Jose Crespo, PhD

Posted on Nov 26

The Two Programming Styles of AI — and Why Everyone Uses the Wrong One

#ai #algorithms #programming

AI keeps crashing against the same walls

Yep, everybody, even Tesla, is using the old damn math from 2 centuries ago, and hence it’s not surprising to watch many of scenes like this all over YouTube when you rely on AI driving your Tesla:

Apparently, not even Tesla - with its 1.4 Trillion valuation and army of PhDs - knows about this math. Or maybe they do, and just enjoy watching their cars perform interpretive dance routines at 60 mph.

Either way, here’s the greatest hits compilation you’ve seen all over YouTube:

The Tesla Self-Driving Blooper Reel:

🎬 Phantom Braking - The car slams the brakes for a shadow. Because apparently, shadows are the #1 threat to highway safety in the 21st century.

🎬 The Surprise Party Turn - Takes curves at full speed, then goes “OH SHIT A CURVE!” and throws a mini-chicane out of nowhere, comedy for everyone, except your neck..

🎬 The Seizure Shuffle - Steering adjustments so jerky you’d think the car is having an existential crisis. Left, right, left, right.. it’s not driving, it’s vibrating down the highway.

🎬 The “Why Did It Do That?” - Does something so inexplicable that even the AI researchers watching the logs just shrug and mutter “gradient descent, probably.”

If this post is sparking your curiosity, you may enjoy exploring deeper analyses, geometric AI concepts, and ongoing research on my personal site:

👉 https://josecrespo.substack.com

The Fix That Nobody’s Using

Tesla could solve this - easily - by using second derivatives (Hessian-vector products, or HVP for the cool kids).

So could Google, Meta, OpenAI, and pretty much every company with an “AI Strategy” PowerPoint deck.

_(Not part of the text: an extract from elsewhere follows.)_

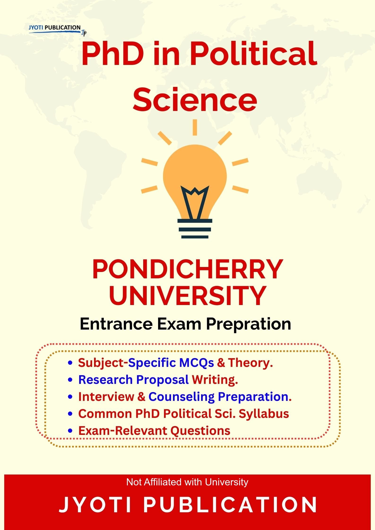 Pondicherry University PhD in Political Science Entrance Exam Preparation Guide is an independently developed study resource created to support aspirants preparing for the PhD in Political Science entrance examination conducted by Pondicherry University. The book is designed to help candidates understand concepts clearly, practise exam-oriented questions, and prepare in a structured and efficient manner.

But they’re not. See the table below - notice a pattern?

Wait — These Are Different Problems, Right?

Not exactly. They are different symptoms, but the same disease.

They’re all using math that can answer “Which way should I go?”

but not “How sharply is this about to change?”

It’s like asking a GPS for directions but never checking if there’s a cliff ahead.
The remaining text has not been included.